Interactive sortable list of PDB entries

    The list presents description of PDB entries and has next functionality:
  1. Link to details pages for an entry
    Sequence view
    presents parts of chain sequence where it matches ProSite patterns or searched pattern or interacts with a ligand.
    Ligands view
    presents ligands and interaction with their environment. ProSite or searched pattern is presented as well where matched part of the sequence interacts with a ligand.
    Atomic interaction view
    presents interaction on atomic level- bond type, distance, angle between planes and angles for a single atom ligand.
  2. Links to 3D visualization tools
  3. Link to integrated resource - atlas pages (MSDlite, MSDPro)
  4. List can be listed and sorted interactively.

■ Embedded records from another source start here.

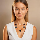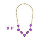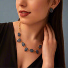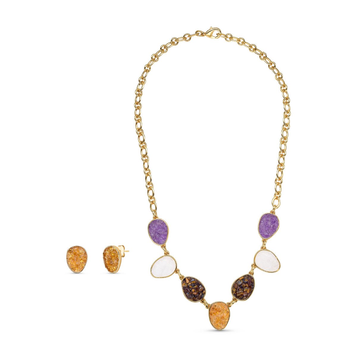 7-Stone Gold Plated Riviera Necklace & Earring Set w/ Natural Gemstone Fragments
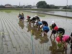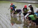 部屋小学校の北にある田んぼに児童19人で田植えを行いました。 児童は「横一列になってまっすぐ丁寧に植えてください。」と指導していただきました。30分ほどで田植えは終わりました。 児童からは「田んぼの中に入るのも田植えをするのも初めてで、大変だった。」「苗をまっすぐ植えることはできなかったけど楽しかった。」などの感想がありました。
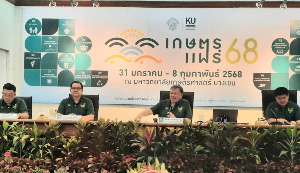 มหาวิทยาเกษตรศาสตร์ พร้อมแล้วจัด “งานเกษตรแฟร์ ประจำปี 2568” อย่างยิ่งใหญ่ ภายใต้แนวคิด “เศรษฐกิจเจริญก้าวไกล สังคมไทยไร้คาร์บอน” ระหว่างวันที่ 31 มกราคม – 8 กุมภาพันธ์ 2568 รวม 9 วัน 9 คืน ล่าสุดประเทศต่างๆแจ้งมาร่วมงานแล้วกว่า 20 ประเทศ พิเศษสุดปีนี้นิสิตคณะแพทย์ศาสตร์ ประเดิมโชว์ผลงานครั้งแรกเน้นอาหารเป็นยา “รองอธิการบดี “ดำรง ศรีพระราม” ฝากบอกเที่ยวงานเกษตรแฟร์ปีนี้เตรียมเสื้อกันหนาวด้วย

Interactive statistics charts

Ligand binding statistics
It provides a way to view statistical information regarding the interaction of particular ligand(s) with respect to residues that form an active site environment. The environment is a set of neighbour residues that interact with the ligand through a number of interaction types. It is possible to view two sets of ligand information on the same returned graph to allow comparison of the environment of these ligands.
Environment binding statistics
It provides a way to view statistical information regarding the environment of a ligand with respect to ligands. It is therefore possible to define queries based on residue type and find which ligands are bound to this environment.
Atomic bonds statistics
A search is available to present and compare statistical information for a pair ligand - macromolecule residue interaction on atomic level.
Sequence patterns binding statistics
It provides a way to search PDBe for statistical information regarding the pattern interaction with a ligand with respect to ligands. It is therefore possible to define queries based on pattern and find which ligands are bound to this pattern.

Interactive list of ligands from different PDB entries

The order of this page is to provide functionality for 3D alignment of ligands with their environment. Detailed pages for a PDB entry have links to this page so any ligand can be submitted here and then its geometry, environment and interacting patterns can be compared with another one.